Liputan6.com, Washington DC - Menurut sebuah studi ilmiah terbaru, kebiasaan melewatkan sarapan pagi bisa menjadi pertanda risiko seseorang mengalami obesitas di masa depan.
Hasil studi yang dipresentasikan pada ajang tahunan Experimental Biology di San Diego, California itu menyasar kepada 347 responden pria dan wanita sehat di atas usia 12.
Dikutip dari ABC News pada Kamis (26/4/2018), seluruh responden hanya dipilih yang memiliki indeks massa tubuh (BMI) normal, untuk kemudian diteliti secara berkala pola makannya selama setidaknya dua tahun.
Advertisement
Mereka ditanya berapa kali sarapan dalam seminggu, dengan pilihan jawaban: tidak pernah, satu sampai empat kali, atau lima hingga tujuh kali.
Pada akhir masa penelitian yang memakan waktu hingga 12 tahun, mereka yang melewatkan sarapan lebih dari tiga kali seminggu, cederung memiliki lingkar pinggang lebih besar.
Baca Juga
Kenaikan rata-rata berat badan pada mereka yang kerap melewatkan sarapan adalah sebesar 10 pon, atau sekitar 4,8 kilogram.
Meski sekilas terlihat kecil, namun oleh sebagian orang, kenaikan sebanyak 10 pon sudah cukup menandakan adanya risiko obesitas.
Adapun, BMI yang dianggap ideal adalah berkisar antara angka 18-25, dan jika melebihi angka 30, maka sudah pasti dinyatakan obesitas.
Tingkat risiko obesitas tercatat 25 persen lebih tinggi di antara mereka yang melewatkan sarapan, dibandingkan pada mereka yang sering memakannya.
Mereka yang makan sarapan secara teratur memiliki kenaikan berat badan rata-rata hanya 3 pon (sekitar 1,3 kilogram) selama masa studi.
Dijelaskan oleh peneliti, membiasakan diri sarapan setiap pagi, dapat membantu menjaga kondisi metabolisme tubuh, dan juga sekaligus membakar kalori lebih banyak saat menjalani aktivitas harian.
Lebih dari itu, mereka yang sering melewatkan sarapan berisiko mengalami lonjakan insulin setelah santap siang. Hal ini dikarenakan asupan makanan berlebih guna 'menyudahi' rasa lapar.

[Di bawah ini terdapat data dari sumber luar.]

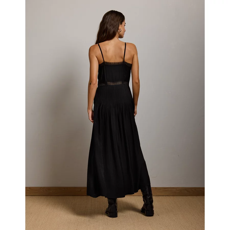 AE77 Lace Ruffle Maxi Dress – Black

Selain meningkatkan risiko obesitas, lonjakan insulin juga bisa memicu peradangan kronis, yang kabar buruknya, tidak hanya menyerang penderita diabetes.
Simak video pilihan berikut:
Kebiasaan Sarapan = Pola Makan Sehat
Sementara itu, American Dietary Association (ADA) -- Asosiasi Pola Makan Amerika – merekomendasikan gandum utuh (whole grain), protein tanpa lemak, produk susu rendah lemak, serta buah dan sayuran sebagai bagian dari diet seimbang.
Protein shake -- sejenis minuman susu kocok -- dan energy bar dapat menjadi opsi cadangan nutrisi, meski banyak peneliti mengimbau untuk tetap waspada akan kandungan gula dan karbohidrat sederhana.
Ketika dikaitkan dengan studi ilmiah di atas, peneliti menemukan bahwa rekomendasi asupan makanan sehat cenderung dipatuhi oleh mereka yang tidak melewatkan sarapan,
Hal ini membuat peneliti sepakat menuliskan hipotesa bahwa mereka yang rutin sarapan pagi, memiliki kemampuan memilah makanan sehat lebih baik dari mereka yang tidak.
Selain itu, peneliti juga menemukan fakta bahwa sarapan pagi dapat memberi asupan energi lebih besar, yang juga bisa berdampak pada kemampuan menahan rasa lapar lebih lama.
"Menjadi kenyang di pagi hari membantu mencegah makan berlebihan di siang hari, dan memungkinkan kontrol porsi yang lebih baik pada makanan lain," ujar Stephanie Wilson, salah seorang anggota peneliti.
The American Heart Association -- asosiasi Kesehatan Jantung -- telah menemukan bahwa menyantap sarapan yang seimbang, berdampak pada risiko rendah terkena tekanan darah tinggi, diabetes, kolesterol dan penyakit jantung.